Master's student is a trained "scout"

- More than 100 German scientists took part in the project. Are these Europeans spoiled by comfort?

- AB: Undergraduates from German universities took part in most of the projects. They are very different from our students. The German undergraduate student is a well-trained "scout". They give him money, set tasks. He comes to another country, begins to get acquainted with those who will help solve his scientific problem. Usually young scientists work in pairs - a Russian-speaking master's student and a specialist who does not speak the language. They integrate quickly without avoiding drunken parties with the local population. Then a professor from the university comes and sets them clear tasks in a specific area. And they "plow" seven days a week. The soil scientists with whom we worked as a team surprised me with their German scrupulousness. In the dry steppe, 4 soil profiles were dug per day, not deviating a single centimeter from the standard.

- Didn’t the field life bother you?

- EP: Everything was fine. We were embarrassed by the lack of toilet paper on trains and the prospect of looking for a “toilet” in the forest belt. But this did not stop us from drinking moonshine with the village outcasts all night.
- How did the village population welcome foreigners?

- AB: The field component of our joint research was seasonal. In the Kulunda steppe, we started work in May, and as a rule, it was on May 8-9, on the holiday of the Great Victory, and we never faced aggression. Everyone understood that two peoples were in great trouble at one time. Altai is multinational. It turned out that many good machine operators in Kulunda have German surnames. Almost all machine operators were called Oscars ...

- Young people quickly adapt to everything, and did accomplished German scientists demonstrate a difference in mentality?
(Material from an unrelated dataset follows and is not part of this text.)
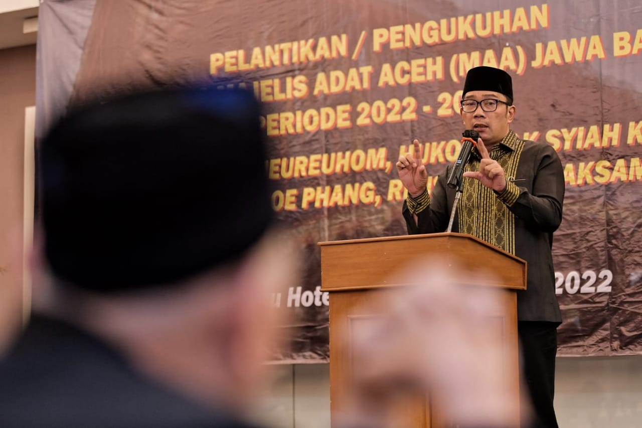 “Tak hanya secara budaya, sejarah dan pemerintahan, tapi Aceh punya hubungan secara pribadi dengan saya,” ucap Ridwan Kamil dalam sambutannya pada pelantikan pengurus Majelis Adat Aceh Perwakilan Jabar periode 2022 – 2027 di Bandung, Minggu (26/6/2022) malam.

- AB: They do not understand our specifics related to legislation. They are surprised by the lengthy coordination with various services and special services. One of the professors could not understand the administration formula "we do not recommend this research". I studied legislation for a long time, hired a non-university team and, as a result, did not solve the problem.

- Foreigners, data transmission - all this is the domain of special services. Did you help?

- EP: Unfortunately, we did not agree on the rules beforehand, I enetred the project after its approval and launch, therefore there were disputes, agreements and misunderstandings. But in the end, the result is positive, colleagues accepted everything as it is. We process the initial "raw data" ourselves and there is no point in transferring it anywhere, especially since after the analysis it already becomes our scientific results - the basis for joint scientific articles.

- AB: Thanks to control, our systematization has improved, the timing has made us more disciplined. We have even become punctual Germans ourselves.